Winona had been more than a month, nearly five weeks indeed, at the Seaton High School. In the first few days of her introduction to V.a. she had told herself that the difficulty of the work consisted largely in its newness, and that as soon as she grew accustomed to it she would sail along as swimmingly as Garnet Emerson, or Olave Parry, or Hilda Langley, or Agatha James. Most unfortunately she found her theory acted in the opposite direction. Closer acquaintance with her Form subjects proved their extreme toughness. She was not nearly up to the standard of the rest of the girls. Her Latin grammar was shaky, her French only a trifle better, she had merely a nodding acquaintance with geometry, and had not before studied chemistry. Her teacher seemed to expect her to understand many things of which she had hitherto never heard, and was apparently astounded at her ignorance. Winona puzzled over her text-books during many hours of preparation, but she made little headway. The royal road to learning, which she had fondly hoped to tread, was proving itself a stony and twisting path.

"_You_ seem to get on all right?" she said wistfully to Garnet one day.

"Why, yes. Of course one has to work," admitted her friend. "Miss Huntley keeps one up to the mark. But one must expect that in V.a. They don't put scholarship holders in the Preparatory."

"I was all at sea in math. this morning."

"You were rather a duffer, certainly. The problems weren't as difficult as the ones they gave us in the entrance exam. If those didn't floor you, why couldn't you work these?"

"But they did floor me. I barely managed half the paper. I reckoned I'd failed in it."

Garnet looked surprised.

"Then your other subjects must have been extremely good to make up for it. I was told that we should probably stand or fall by maths. You were ripping in everything else, I suppose? Scored no end?"

Winona did not answer the question. She was conscious that none of her papers could have merited such an eulogium. She envied Garnet's grasp of the form work. Try as she would, her own exercises and translations were poor affairs, and her ill-trained memory found it difficult to marshal the enormous number of facts that were daily forced upon it. Miss Huntley at first was patient, but as the weeks wore on, and Winona still wallowed in a quagmire of amazing mistakes, she grew sarcastic. The girl winced under some of her cutting remarks. Apparently the mistress imagined her failure to be due to laziness and inattention, and sooner than confess that she could not understand the work, Winona was silent.
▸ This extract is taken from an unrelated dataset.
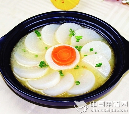 3、猪肺、白萝卜各1个,切块入锅,加杏仁9克,炖至烂熟,食肺饮汤,可治支气管炎。

She never mentioned the long hours she spent poring over her books in Aunt Harriet's dining-room. After all, it was better to be thought idle than stupid. But it was humiliating to feel that she was counted among the slackers of the Form, while Garnet was already winning laurels. The contrast between the two scholarship holders could not fail to be noticed.

Miss Huntley (privately known to the Form as "Bunty") was a clever, but rather remorseless teacher. She had been on the staff since the opening of the school two years before, and she was determined at all costs to maintain the high standard inaugurated at its foundation. She was herself the product of High School education, and knew to the last scruple how much to require from girls in V.a. To those who appeared to be really trying their best she was ready to give intelligent help, but she had no mercy for slackers. She was possessed of a certain amount of dry humor, greatly appreciated by the form _en bloc_, though each quaked privately lest, through some unlucky slip, she might find herself the object of the smart but withering satires.

Despite her strictness, "Bunty" was popular. She was an admirable tennis player, and a formidable champion in a match "Mistresses _v._ Girls."

Her strong personality fascinated Winona, who would have done much to gain her approval. So far, however, she was entirely on Miss Huntley's black list.